Garrett's Inc. v. Farah Manufacturing Co.

412 F. Supp. 656, 1976 U.S. Dist. LEXIS 15625
CourtDistrict Court, D. South Carolina
DecidedApril 12, 1976
DocketCiv. A. 75-1364
StatusPublished
Cited by5 cases

This text of 412 F. Supp. 656 (Garrett's Inc. v. Farah Manufacturing Co.) is published on Counsel Stack Legal Research, covering District Court, D. South Carolina primary law. Counsel Stack provides free access to over 12 million legal documents including statutes, case law, regulations, and constitutions.

Bluebook
Garrett's Inc. v. Farah Manufacturing Co., 412 F. Supp. 656, 1976 U.S. Dist. LEXIS 15625 (D.S.C. 1976).

Opinion

FINDINGS OF FACT

CONCLUSIONS OF LAW AND ORDER

HEMPHILL, District Judge.

This antitrust ease was tried before the court without a jury, at Greenville, South Carolina, on March 26, 1976. Plaintiff’s amended complaint alleged certain violations of the Sherman Antitrust Act, 15 U.S.C., § 1 et seq. 1 Defendant’s answer to the amended complaint denied the essential allegations of the amended complaint. After hearing and considering the testimony adduced at trial, and after considering the various pleadings, exhibits and submissions admitted into evidence, including a review of the court’s notes taken at the time of trial, upon the credible evidence presented, this court publishes the following:

I. Plaintiff is a business corporation organized and existing under the laws of the State of South Carolina and is, and was during times material to the issues here, engaged in the business of selling clothing at retail to the general public in three stores located respectively in Anderson, Clemson and Easley, South Carolina.

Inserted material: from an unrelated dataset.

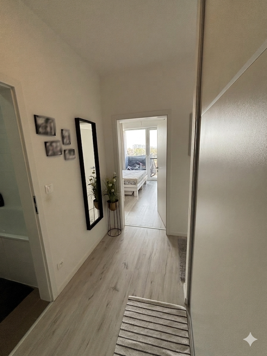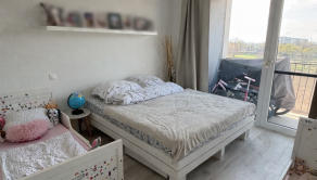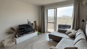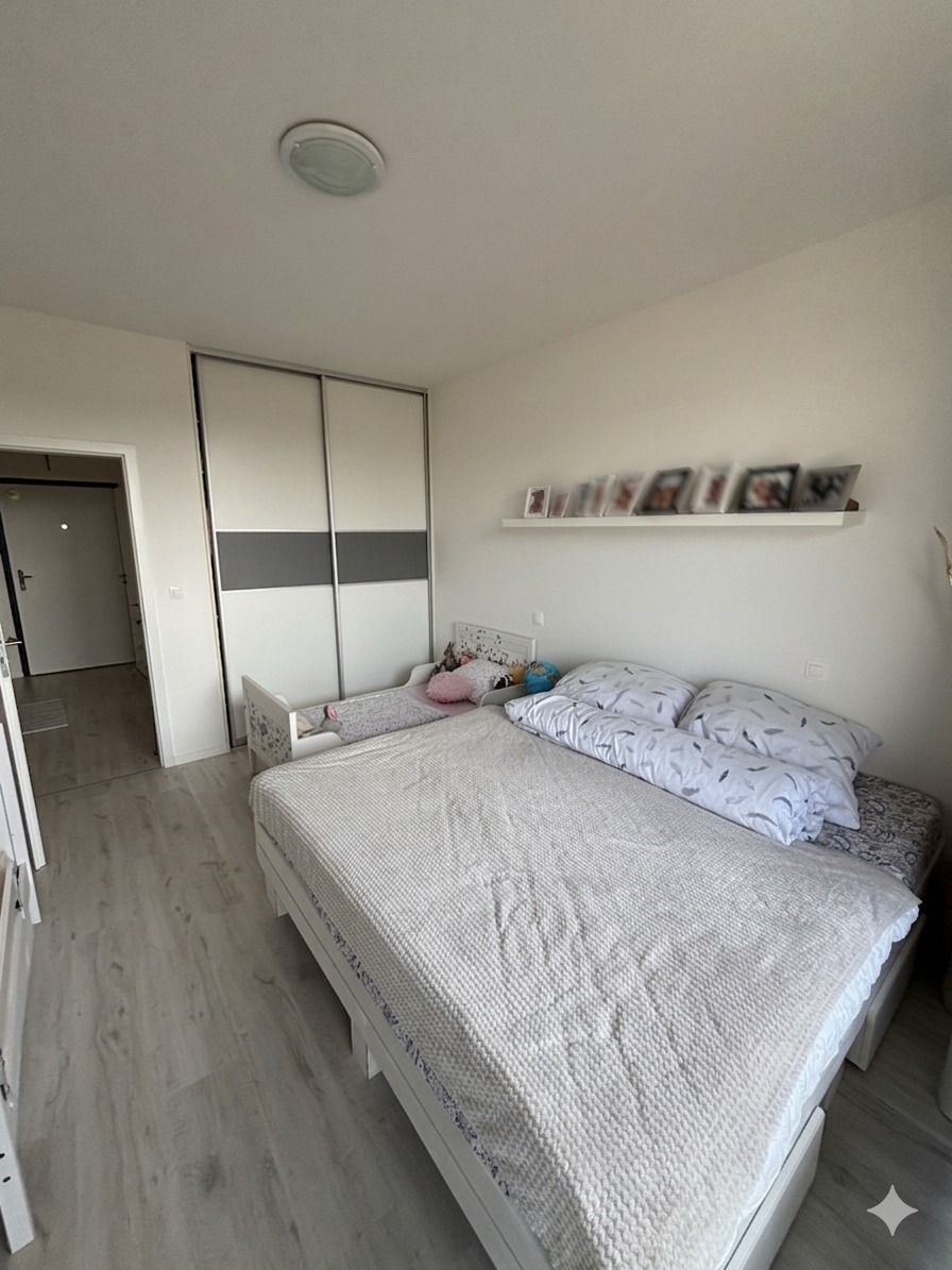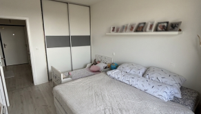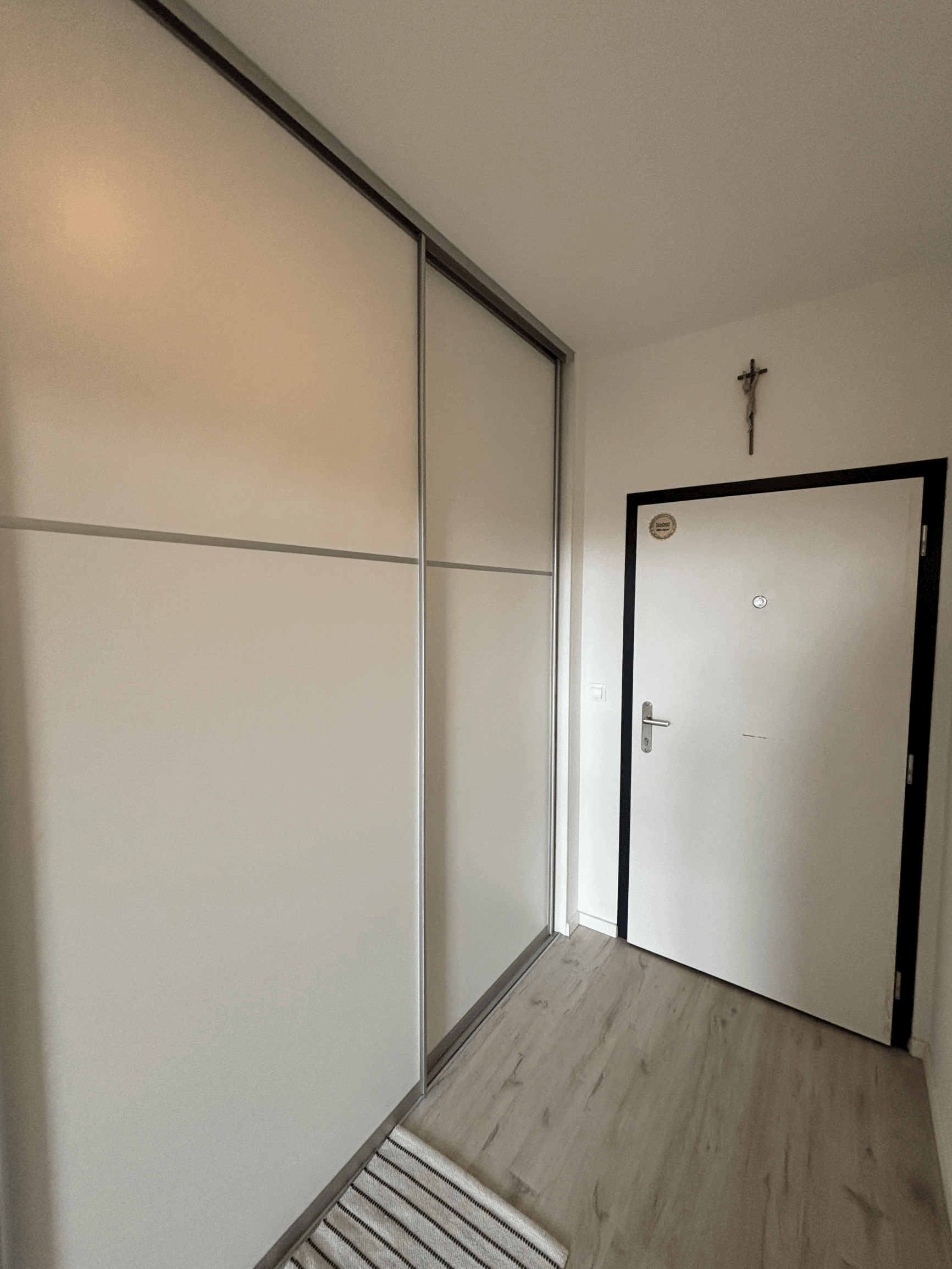 Dominantou bytu je vzdušná obývacia izba prepojená s kuchyňou, ktorá je vybavená kvalitnými spotrebičmi a nábytkom na mieru. Veľkou výhodou je priestranná spálňa, ktorá poskytuje dostatok miesta nielen na pohodlný spánok, ale aj na ďalšie úložné riešenia a pracovný kút. V byte sa nachádzajú veľké vstavané skrine – na chodbe aj v spálni, čo zabezpečuje nadštandardný úložný priestor.

2. Defendant is a corporation organized and existing under the laws of the State of Texas and engaged in the manufacture and sale of men’s clothing under the brand name “Farah”. Defendant sells its merchandise to retailers throughout the United States and abroad. Its sales personnel are employees of Farah Sales Corporation, a wholly-owned subsidiary of defendant.

3. For a number of years prior to 1974, defendant sold to plaintiff its line of men’s slacks for resale by the plaintiff to consumers at the retail level.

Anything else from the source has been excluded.